Further blogs providing updates on the digitisation project will follow in due course.

Top image: Crick's sketch of genetic code, 1965 (PP/CRI/E/1/13/10)

Bottom image: Francis Crick lecturing at Cambridge University (PP/CRI/A/1/2/9)

Friday, October 1, 2010

Preparing and planning a large archives digitisation project

Archives digitisation is currently underway in our Imaging Studio, with two full-time members and two part-time members of Library staff dedicated to preparing and digitising the items. We will talk more specifically about the work being carried out on these materials on this blog in the near future, but first we present an introduction to the setup and planning of the project.

Once the theme was chosen (Modern Genetics and its Foundations), and relevant collections identified (see previous blog post), we realised that we had quite a large job on our hands. The scope of the project was bigger than anything we had done before: 620 boxes of material, containing around 800 pages each, adds up to around half a million pages to be digitised.

Based on a series of tests, we estimated the project would take 2 years to complete – starting with the preparation of the material in advance, with photography coming into play a few months later. Two full-time staff would be focused on imaging the material, with two part-time member of staff preparing, tracking and assessing the items.

There are a range of logistical issues to bear in mind when planning and starting up a project of this nature. The boxes are stored in the basement stores, and had to be retrieved for a period of some months while the material was being worked on. We divided the collections into batches of a size that could be imaged in a period of 4-6 weeks and retrieve and return each batch as a unit, tracking all movements on a spreadsheet. The tracking spreadsheet also records information such as location of each box in the batch, notes from the preparer for the archivists, photographers, and/or conservation staff, and the percentage of items in each box that can be OCR’d among other things.

We put a notice on our website of the entire schedule of archives to be digitised, so readers could see at a glance what would be unavailable and when. The catalogue records are also amended to show where material cannot be reserved. Each time a batch is retrieved, checked out, checked in, or dates altered, this has an impact on the website and two different cataloguing systems (the Archives and Manuscripts Catalogue, and the Library Catalogue), so communication with the departments responsible for retrieval and metadata was key.

The preparation staff were trained in advance by the conservation team so they could carry out basic stabilisation and first-aid work on the materials if required for digitisation.

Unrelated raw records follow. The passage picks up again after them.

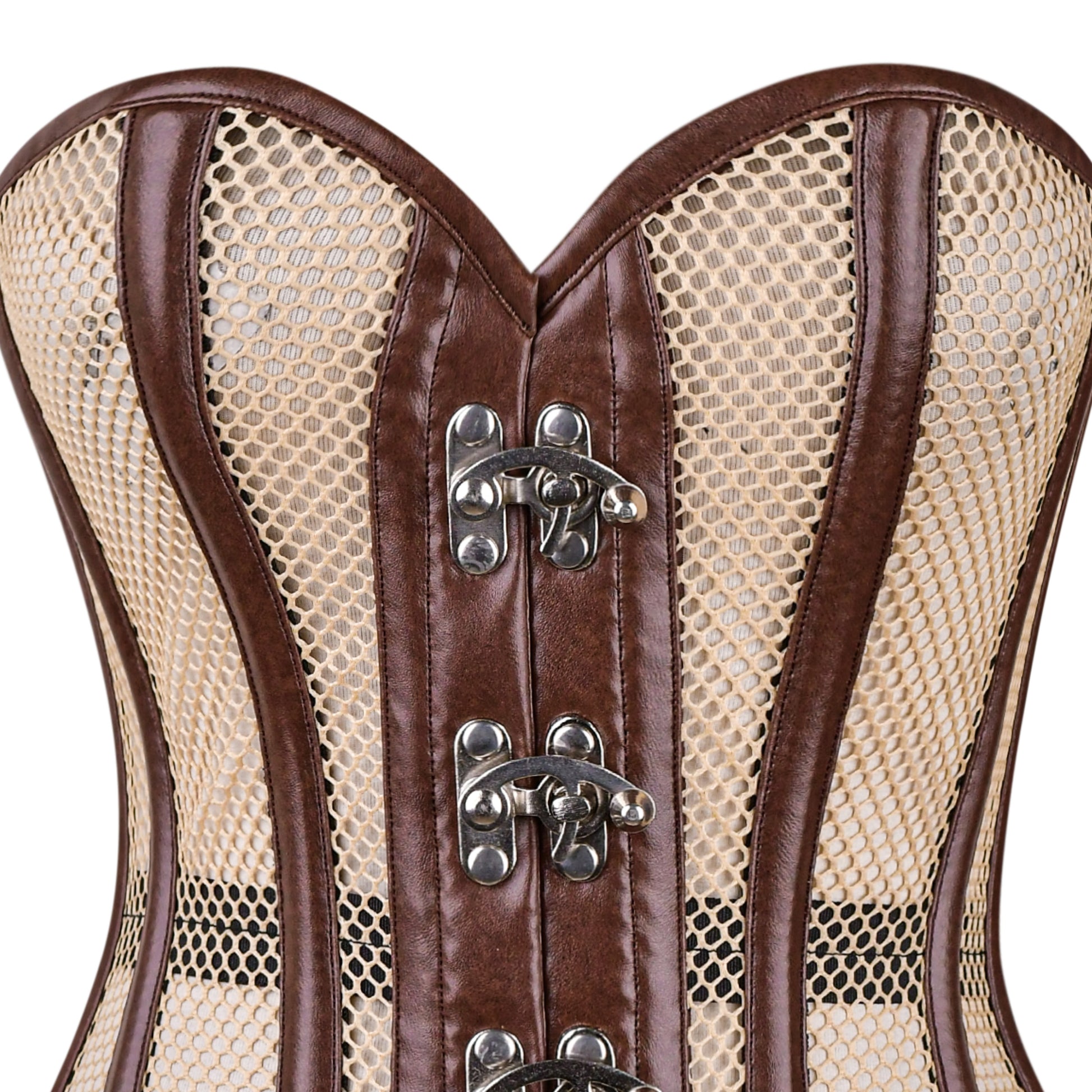 The Ironclad Siren blends industrial strength with alluring structure. Wide brown leather panels frame the body, intersected by honeycomb mesh that hints at the raw mechanics beneath. The front fastens with silver latch closures, reminiscent of steampunk machinery or reinforced armor plating, adding a functional yet decorative toughness.
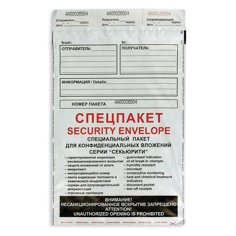 Специальный пакет для конфиденциальных вложений Security формата B4 (размер 250×353 мм) изготовлен из трехслойного непрозрачного полиэтилена толщиной 70 мкм. Имеет ряд особенностей, отличающих его от стандартных почтовых пакетов и конвертов: наличие специального кармана для сопроводительных документов; уникальный номер, дублирующийся на отрывных корешках; индикаторы несанкционированного вскрытия, включая специальный прочный шов с нанесенным микротекстом. При попытке открывания клейкая лента меняет внешний вид или рвется по перфорации.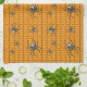 En ljus orange-bakgrund skapar en perfekt Halloween-temad bas för en upprepande mönster av svartwebben som kryper med spindlar. Dessa spindlar, modellerade efter den falska änkan, har ett starkt vitt skalle på abdomenen och andra vita markeringar på kroppen och ben.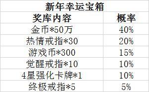 活动内容:活动期间登录游戏,即可领取新年幸运宝箱。奖励将直接发送至游戏邮箱!宝箱奖励新年全面大升级!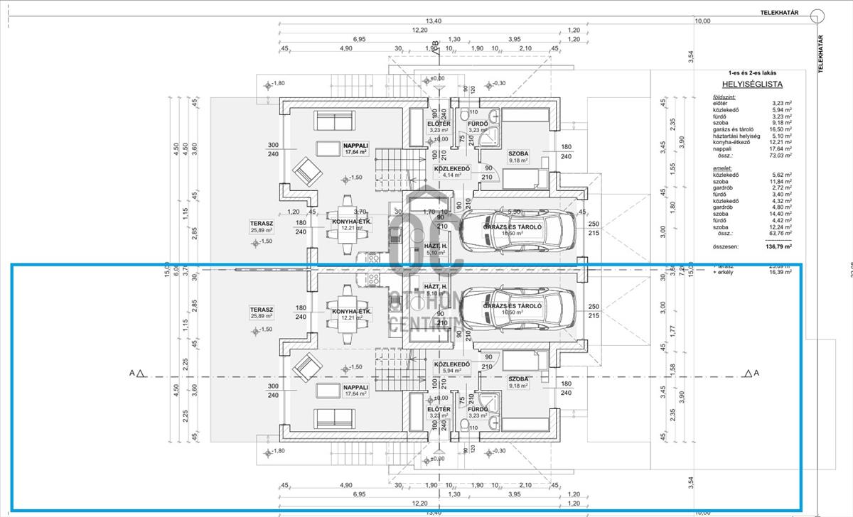 Az ingatlan nettó lakóterülete 136, 79 m², amelyhez 25, 89 m² terasz és 16, 39 m² erkély tartozik.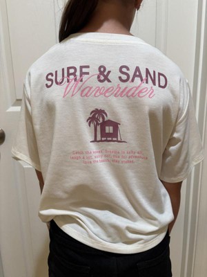 My daughter loves this shirt! It is so soft! The colors and graphics are fun for the Summer season or vacation. The phrases on the back are fun and add a unique touch to the shirt. My daughter has a medium on and it fits perfectly. Quality of the shirt is wonderful and holds up after multiple washes and there has been no shrinkage. Definitely a must have for comfy loungewear or every day outfits.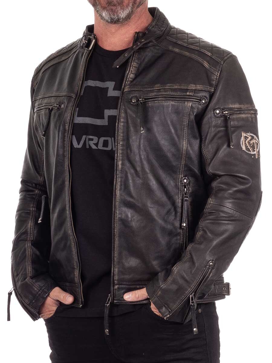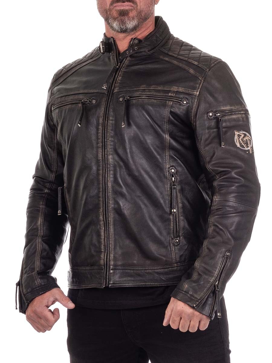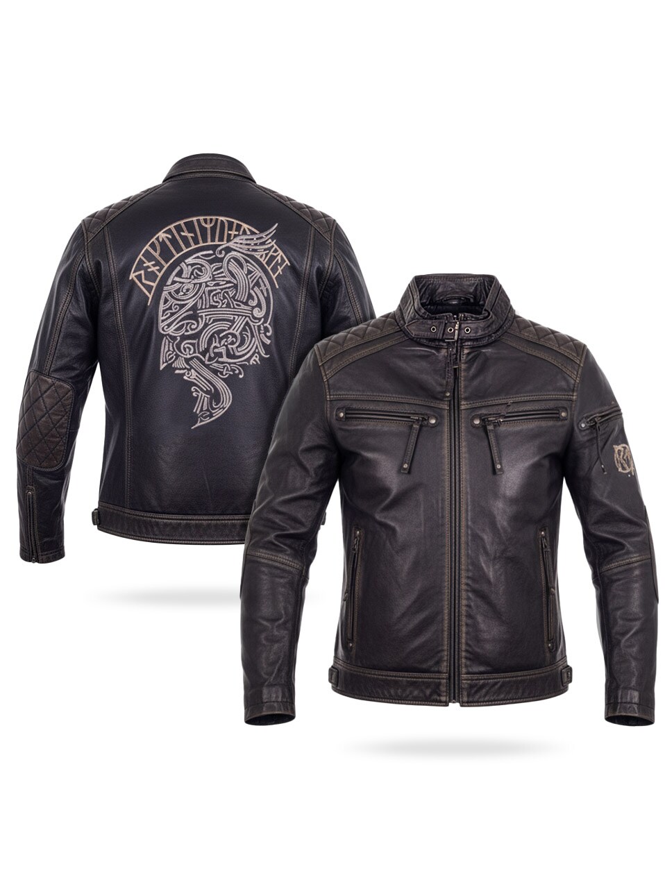 Tough jacket made of genuine leather with a worn vintage look and embroidered Viking motifs that give it a unique character. Designed with padded sections, adjustable cuffs and waistband for optimal fit. Four closable front pockets and two practical inner pockets. This jacket has been created exclusively for our customers and is available only at RockDenim!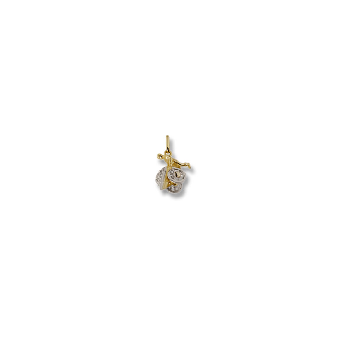 Questo splendido charm o pendente o ciondolo CHARMS a forma di carretto con frutta è prodotto in oro giallo ed in oro bianco 18 carati, seguendo la tradizione e la competenza nella lavorazione dell'oro degli Artigiani Orafi.
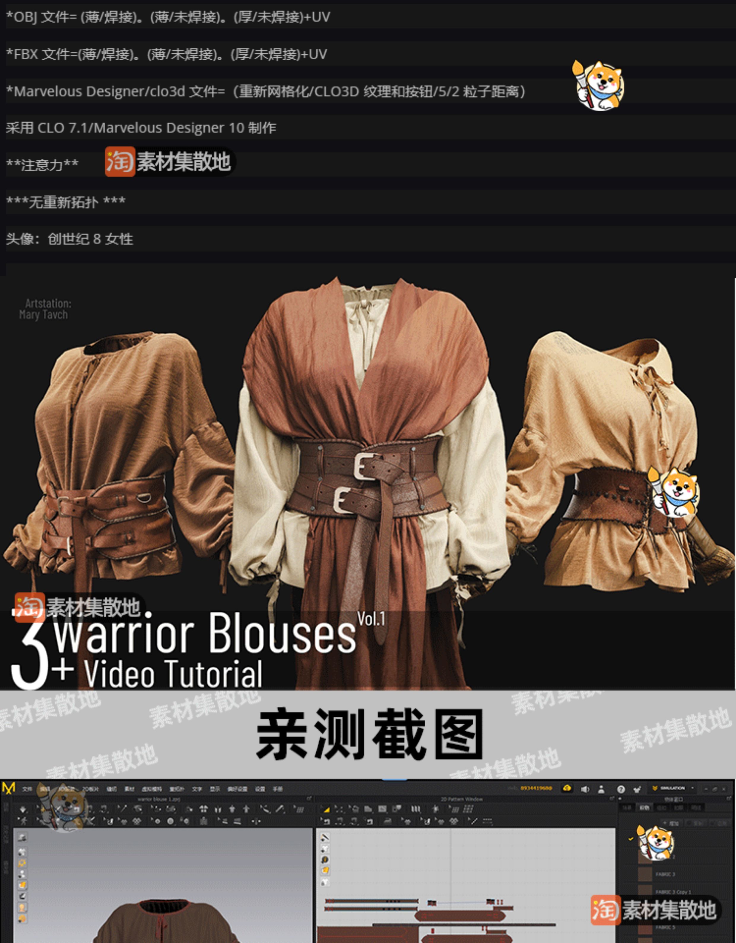 MD中世纪外套上衣3D服装CLO女性衬衫腰带套装ZPRJ模型打版源文件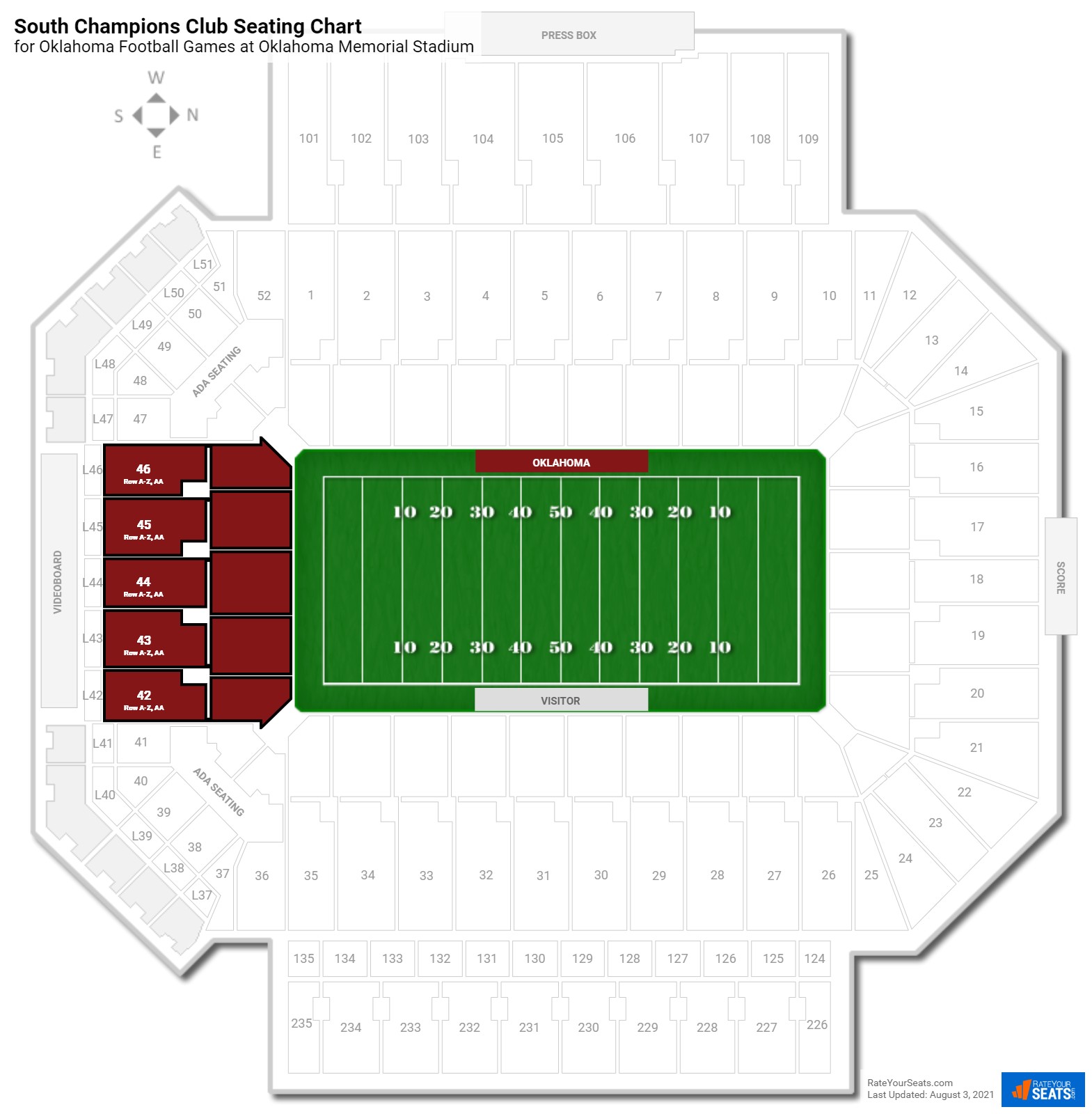 Popular before the game and during halftime, the South Lounge is the most modern club at Oklahoma Memorial Stadium. The space is located just above South Club seats and features plenty of seating for enjoying a full meal or a drink. This is an important touch because these seats are all-inclusive - food and soft drinks are included with the price of your ticket.

The photographers ran multiple tests on different equipment and with different cameras to ensure the workflow was efficient and appropriate to the formats of the material, the anticipated end use of the material, and to ensure proper QA could be accommodated. Preparation and imaging takes place in the Imaging Studio - ensuring that all staff are in close proximity and able to communicate easily with each other. The Imaging Studio was refitted with desks, shelving and equipment to make sure all the boxes in process at any one time could be accommodated. A further planning issue was in determining how to assess and record different levels of sensitivity of information contained in the archives. We are currently developing a policy for access to archives that takes account of online display, and this has informed the workflow for assessment.

This project required liaison between several different departments and stakeholders in the Library in order to set up a suitable workflow. In future, we hope that workflow issues will be streamlined further by procuring a Workflow Tracking System that will serve to centralise tracking and monitoring of all digitisation projects. We anticipate that this pilot project will enable us in future to plan effectively for much larger digitisation projects as we work towards the digitisation of all suitable material held in the Wellcome Library.